Our problem is to find a subset $S$ of $\{1,\dots,n\}$ that maximizes $c(S)$. This is a restriction of the “general max-cut” problem where, given an integer valued function $w$ on the set of edges, on wishes to find subset that maximizes $c(S;w)$, the sum of the weights of the edges which have one endpoint in $S$ and the other outside of $S$. Karp (1973) observed that the existence of $S$ such that $c(S;w)\geq m$ is an NP problem (if one is provided $S$, it takes polynomial time to compute $c(S;w)$ and to decide that it is at least $m$), and the naïve search algorithm is in EXP, since there are $2^n$ such subsets. Moreover, Karp proves that any NP problem can be reduced to it in polynomial time. This is what is meant by the assertion that it is NP-complete. Consequently, determining $\sup_S c(S;w)$ is NP-hard: if you can solve that problem, then you can solve the “max-cut” problem in polynomial time, hence any other NP-problem.
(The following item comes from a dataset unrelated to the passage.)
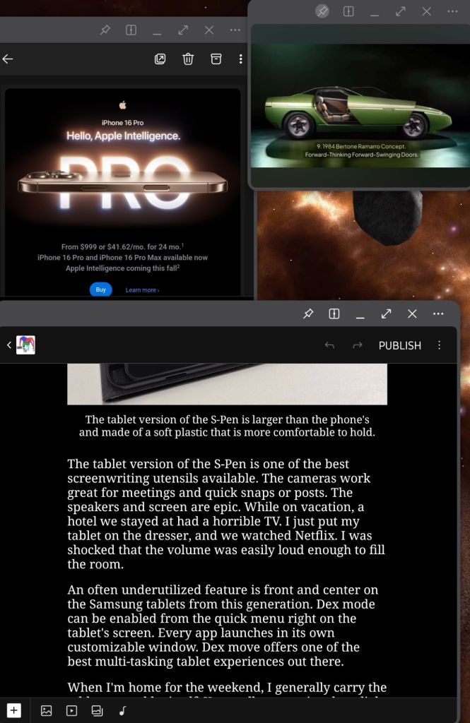 An often underutilized feature is front and center on the Samsung tablets from this generation. Dex mode can be enabled from the quick menu right on the tablet’s screen. Every app launches in its own customizable window. Dex move offers one of the best multi-tasking tablet experiences out there.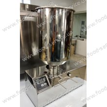 Дозатор-наполнитель приводится в действие датчиком движения. Имеет электронное управление настройки времени наполнения (дозировка в граммах зависит от установленного времени и типа начинки). Корпус и бункер дозатора выполнены из нержавеющей стали. Прижим с нагрузкой-позволяет начинать такую воздушную начинку, как взбитые сливки.

A subsequent theorem by Garey, Johnson and Stockmeyer (1976) established that restricting the max-cut problems to $\pm1$ weights is still NP-hard, and this completes the proof of Rohn's theorem.

(Aside, to insist that signs matter: a theorem of Edmonds and Karp (1972), one can solve the “min-cup” problem in polynomial time, which consists in deciding, for some given integer $m$, whether there exist $S$ such that $c(S;w)\leq m$.)